なによりスタッフが毎日「体調はいかがですか?」などと様子を聞いてくれる、何か困ったときには生活全般の相談にのってくれる、というのはご本人にとってもご家族にとっても大きな安心ですね。
「介護は必要ないけど自宅で過ごすには少し不安がある」と思っている方、老人ホームに入るほどではないけど高齢のご両親が心配という方は、サービス付き高齢者向け住宅を検討してみてはいかがでしょうか。
実際のサービス付き高齢者向け住宅はこんな感じです!
上記はALSOK介護が運営しているサービス付き高齢者向け住宅の部屋の写真です。自由にインテリアを変えて、自分好みのお部屋にすればリラックスして過ごせますね。
外観も高級なマンションそのものです。でもよくみると、スロープや手すりなどシニアにとって暮らしやすい設備が整っています。
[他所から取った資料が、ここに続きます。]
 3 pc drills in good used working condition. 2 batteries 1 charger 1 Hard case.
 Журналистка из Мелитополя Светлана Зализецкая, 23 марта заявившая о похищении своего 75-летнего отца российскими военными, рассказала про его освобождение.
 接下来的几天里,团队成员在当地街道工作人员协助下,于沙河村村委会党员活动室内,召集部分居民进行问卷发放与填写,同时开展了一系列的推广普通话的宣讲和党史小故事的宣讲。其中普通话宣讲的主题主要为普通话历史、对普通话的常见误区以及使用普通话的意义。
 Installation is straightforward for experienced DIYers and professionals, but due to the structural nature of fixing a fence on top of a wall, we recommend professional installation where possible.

共用部分も広々とした明るい雰囲気ですね。詳しくはこちらからどうぞ。
そのほかALSOK介護のサービス付き高齢者向け住宅について詳しくはこちらからどうぞ。
ALSOK介護のサービス付き高齢者向け住宅についてはこちらシルバーハウジングとは
シルバーハウジングとは、住宅施策と福祉施策の連携により、高齢者等の生活特性に配慮したバリアフリー化された公営住宅等と生活援助員(ライフサポートアドバイザー)による日常生活支援サービスの提供を併せて行う、高齢者世帯向けの公的賃貸住宅です。
シルバーハウジングもサービス付き高齢者向け住宅と似ていますが、こちらは公営です。市町村から委託された生活援助員が安否確認などの生活支援を行ってくれます。
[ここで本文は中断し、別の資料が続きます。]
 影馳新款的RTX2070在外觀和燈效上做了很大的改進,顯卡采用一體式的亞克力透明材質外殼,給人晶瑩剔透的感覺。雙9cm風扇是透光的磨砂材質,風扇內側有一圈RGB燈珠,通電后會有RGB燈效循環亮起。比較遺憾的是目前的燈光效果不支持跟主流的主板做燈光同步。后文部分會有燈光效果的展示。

入居における条件のひとつに所得があります。これは運営元が地方公共団体なのか都市再生機構(UR)なのかで違いがあります。
運営元が地方公共団体の場合は低所得世帯も入りやすいようになっており、いっぽう運営元が都市再生機構の場合では継続して賃貸住宅で暮らせるような一定の月収や貯蓄があるかを確認します。
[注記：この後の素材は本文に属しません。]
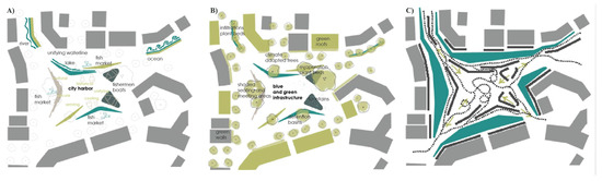 The city centre should be multifunctional and enhance resilience to climate change and its consequences. In that aspect, creating a blue and green infrastructure for the city, as illustrated in Figure 6, reducing the heat island effect as well as providing temporary storage for occurring heavy rain events was the main objective of this area, together with the entertaining and recreating functions.
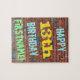 This fun birthday-themed puzzle design features a message like "HAPPY 13th BIRTHDAY, FIRSTNAME!", where the name can be personalised. The background features a representation of a brick wall consisting of some reddish-brown coloured bricks. The customisable message text features colours like blue, yellow, and green, and it has an appearance inspired by that of painted graffiti. A puzzle like this might be used as a fun way to send birthday wishes to somebody who is celebrating their thirteenth birthday, and who perhaps really likes doing puzzles. [~Z0000285]
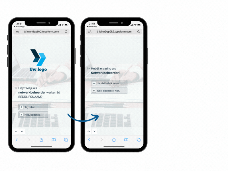 Door onze geautomatiseerde funnel kunnen we kwalificatievragen stellen en zo blijven alleen de passende kandidaten over.
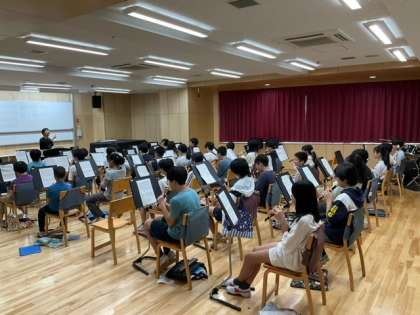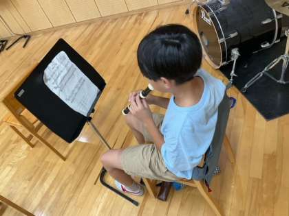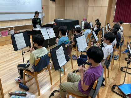 音楽の時間です。「カノン」に取り組んでいます。リコーダーの美しい音色が響いています。

シルバーハウジングについては、各地方公共団体や都市再生機構等の窓口でまず相談してみましょう。
参考:UR賃貸住宅公式サイト居心地良く、安心して暮らせる家を見つけよう
最近は高齢者向け住宅がとても人気があります。
昔のように大家族で三世代が同居し、おじいちゃんおばあちゃんの様子を常に誰かが見ていられる家は少ないのが現状です。
「遠くにいて、ひとり暮らしの親が心配」な子世帯がこれまでの生活と変わりなく過ごしながら、ひとり暮らしの親には見守りのあるサービス付き高齢者向け住宅を勧める、ということも増えています。
また高齢者自身が、お子さんがいる・いないに関わらず、老後の生活を早めに考え、行動力のあるうちに体が不自由になっても暮らしやすい住居を見つけたいと検討することも多いようです。
人生100年時代では、シニアライフもプランを立てて考えることがこれからは必要です。
賃貸のサービス付き高齢者向け住宅で快適な暮らしを続けながら、必要に応じてサービスを受け、介護の必要度が高くなったら介護付老人ホームへと移るといったように、長い目でみた「ライフプラン」を考えていきましょう。
それぞれの希望にあった住まいと、体力や健康に応じた必要なサービスを活用し、ぜひ快適なシニアライフを実現してくださいね。